[EXERCISE BRIEF] Every record below must come back exactly as written, with the images dropped.

____________

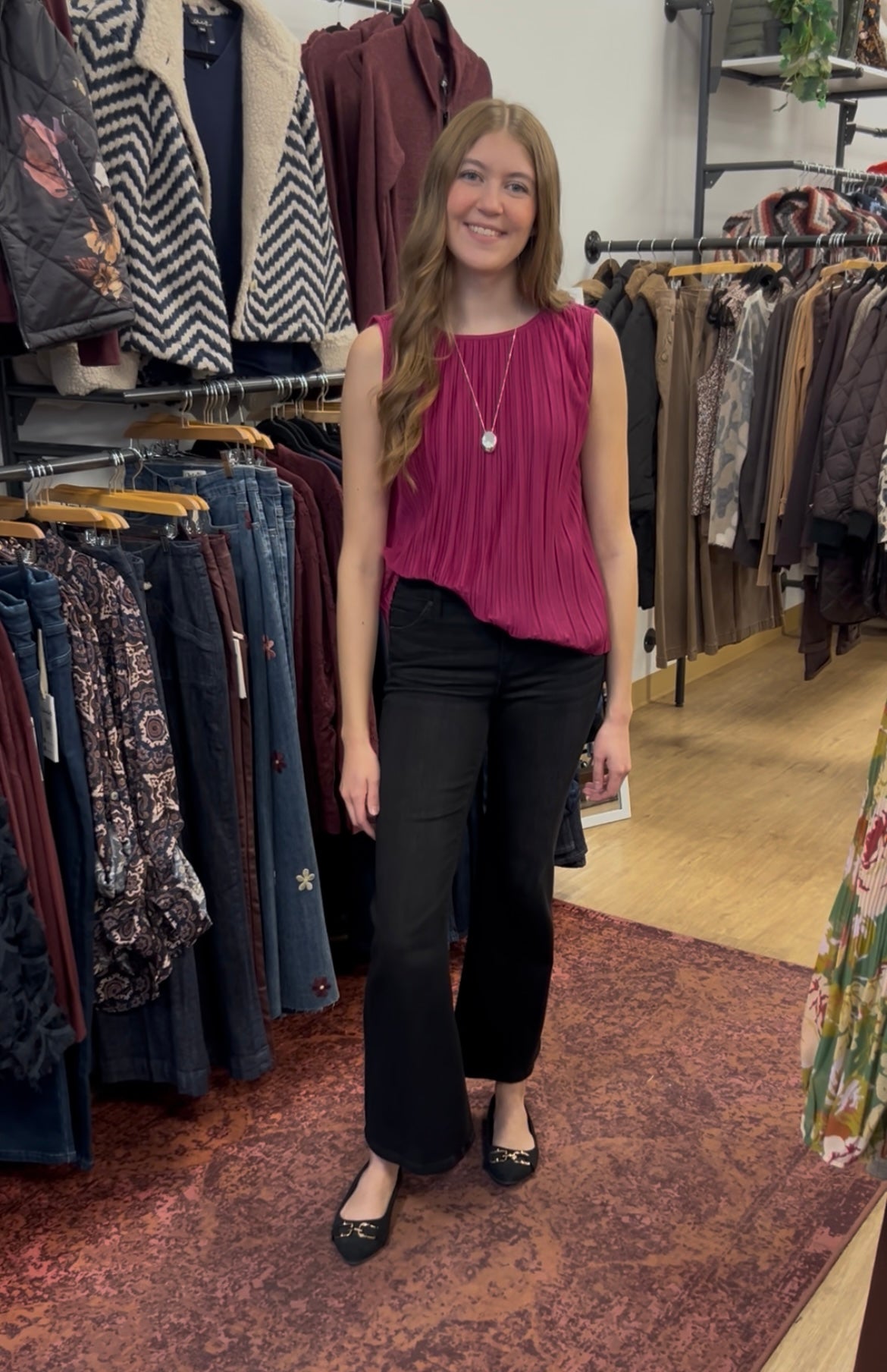 We love this dark black flare jean. So slimming and fun. Inseam measures at 29" on a size 4. Model shown ia 5"10.
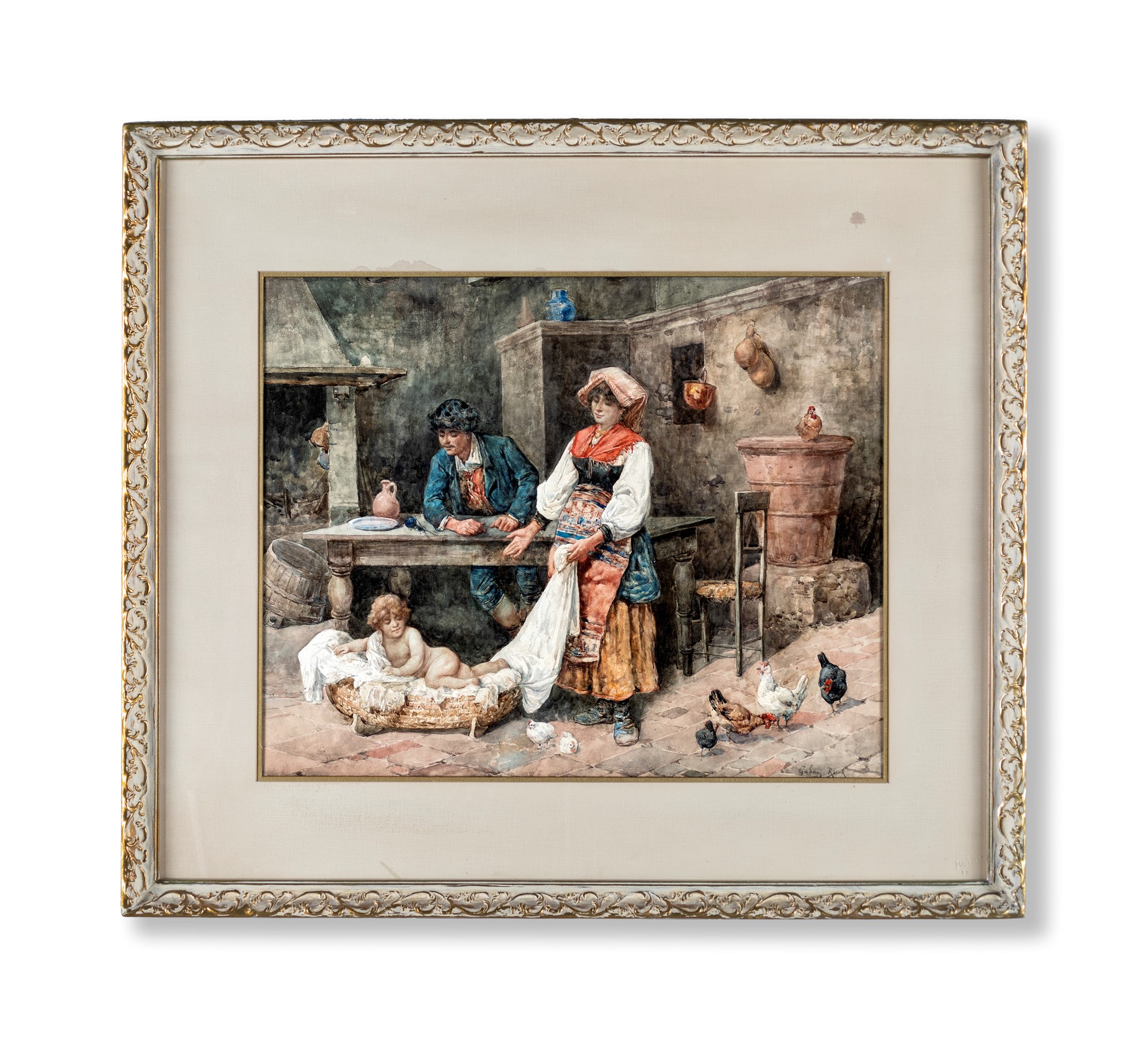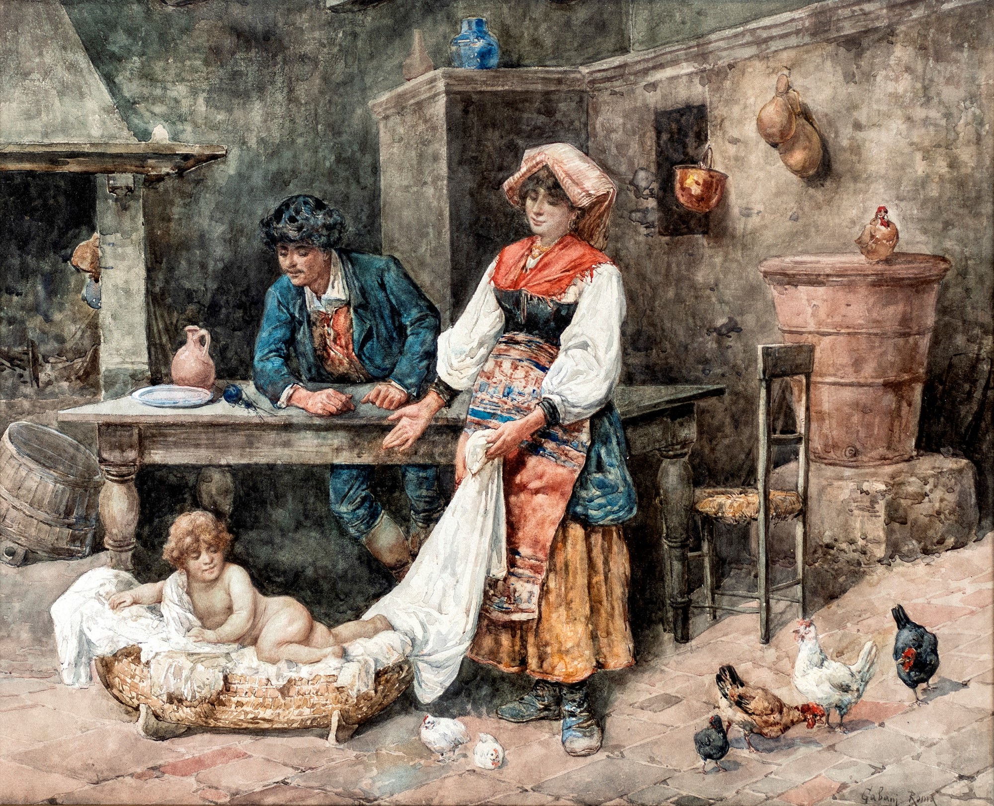 Giuseppe Gabani Senigallia 1846-Roma 1899 Famiglia contadina Firmato in basso a destra Gabani Roma acquerelli su carta cm 47x60
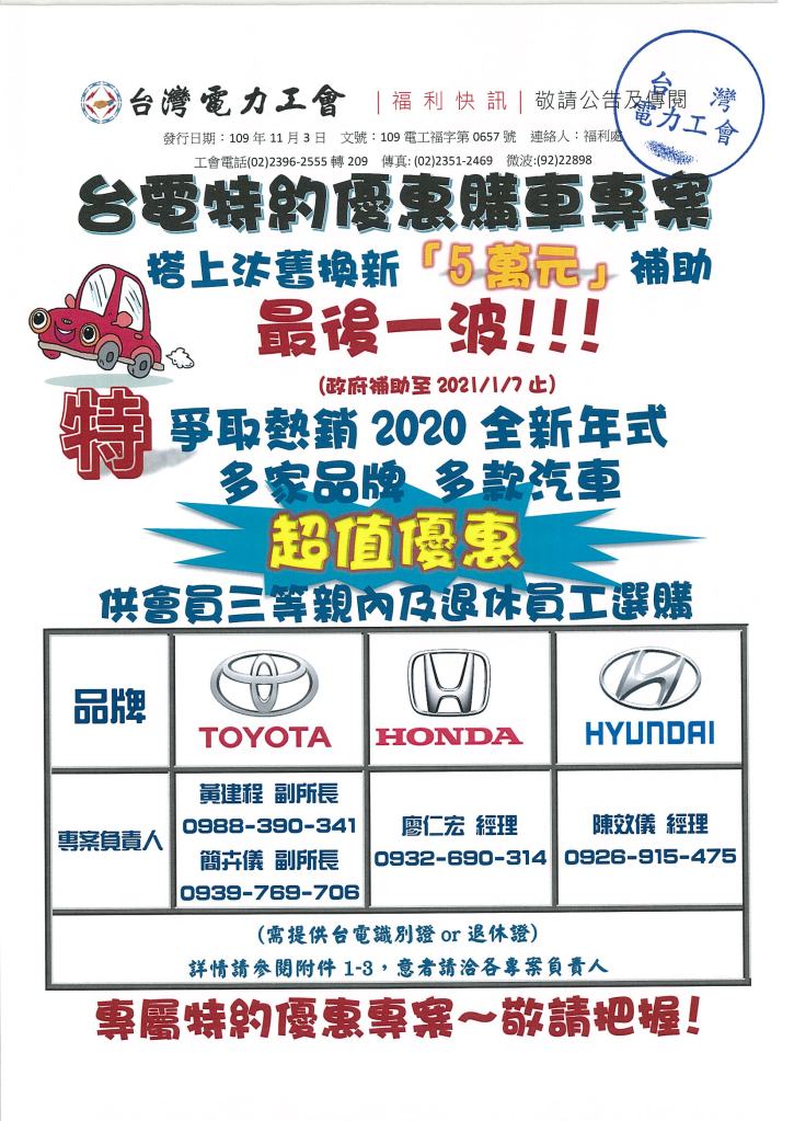 台電特約優惠購車專案 2020年 11月 4日 tplu 福利處, 福利專區, 各處專區 台電特約優惠購車專案 已關閉迴響。 分享此文: 分享到 LINE(在新視窗中開啟) LINE Tweet 按一下即可以電子郵件傳送連結給朋友(在新視窗中開啟) 電子郵件 相關
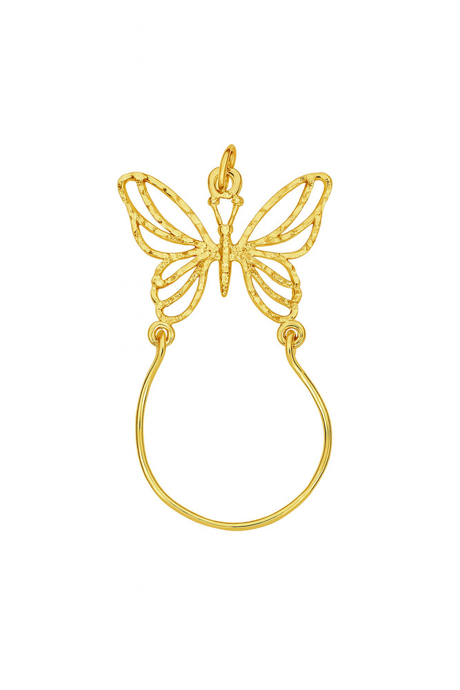 This elegant 10KT gold pendant charm holder features a beautifully crafted butterfly design atop a sleek circular frame, perfect for displaying your favorite charms or pendants. Weighing 2.90 grams, it combines functionality with a polished, stylish finish, making it a versatile addition to any jewelry collection.
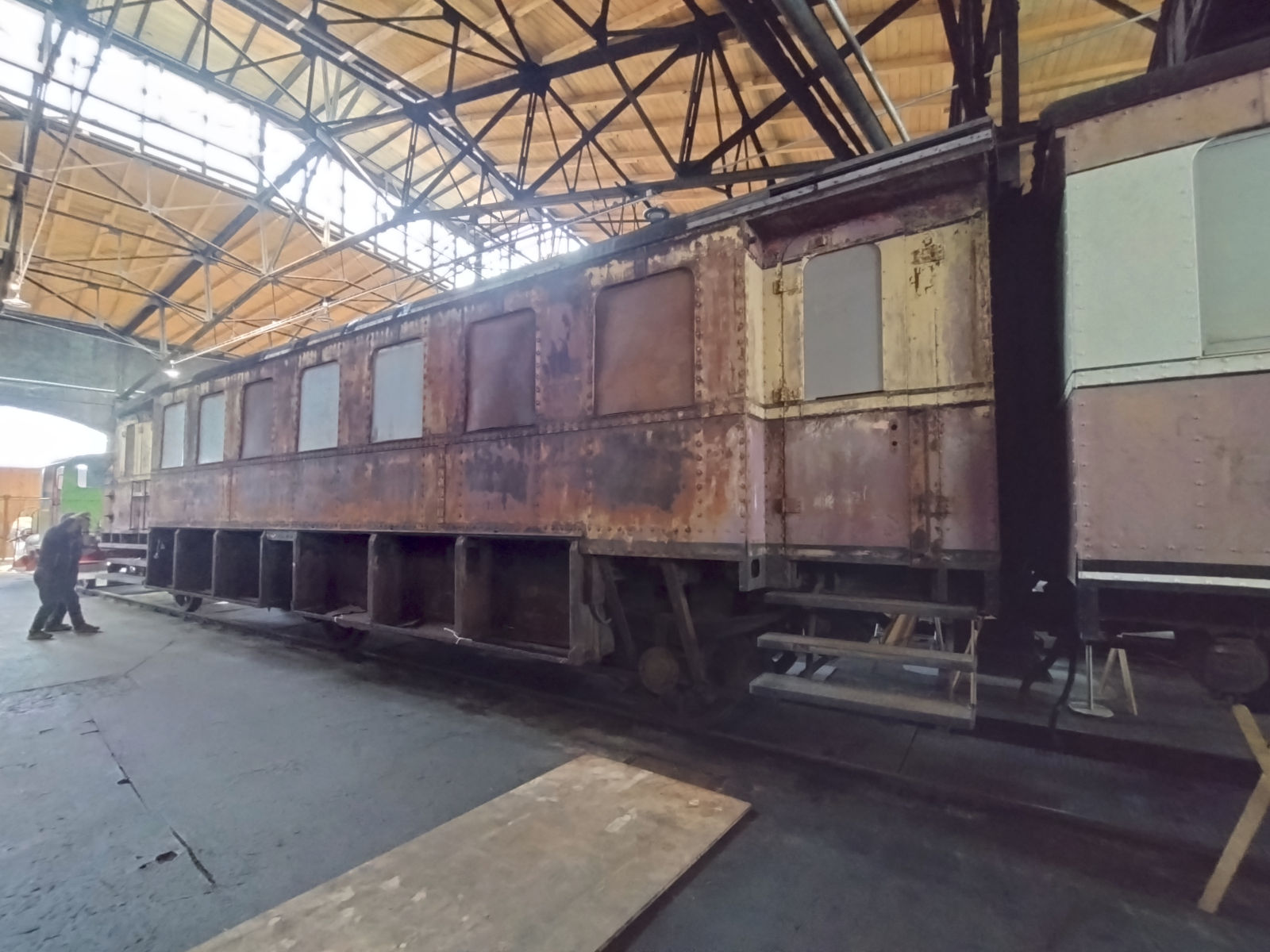 А вот еще один вагончик - очень редкий тип, которых в Бохуме оказалось почему-то аж два, разных периодов постройки. Это вагон для эксплуатации на линиях с прямым сообщением с Англией, приспособленный для перевозки на паромах и имеющий английский габарит.

____________

[REPLY TO THE EXERCISE]
 We love this dark black flare jean. So slimming and fun. Inseam measures at 29" on a size 4. Model shown ia 5"10.
 Giuseppe Gabani Senigallia 1846-Roma 1899 Famiglia contadina Firmato in basso a destra Gabani Roma acquerelli su carta cm 47x60
 台電特約優惠購車專案 2020年 11月 4日 tplu 福利處, 福利專區, 各處專區 台電特約優惠購車專案 已關閉迴響。 分享此文: 分享到 LINE(在新視窗中開啟) LINE Tweet 按一下即可以電子郵件傳送連結給朋友(在新視窗中開啟) 電子郵件 相關
 This elegant 10KT gold pendant charm holder features a beautifully crafted butterfly design atop a sleek circular frame, perfect for displaying your favorite charms or pendants. Weighing 2.90 grams, it combines functionality with a polished, stylish finish, making it a versatile addition to any jewelry collection.
 А вот еще один вагончик - очень редкий тип, которых в Бохуме оказалось почему-то аж два, разных периодов постройки. Это вагон для эксплуатации на линиях с прямым сообщением с Англией, приспособленный для перевозки на паромах и имеющий английский габарит.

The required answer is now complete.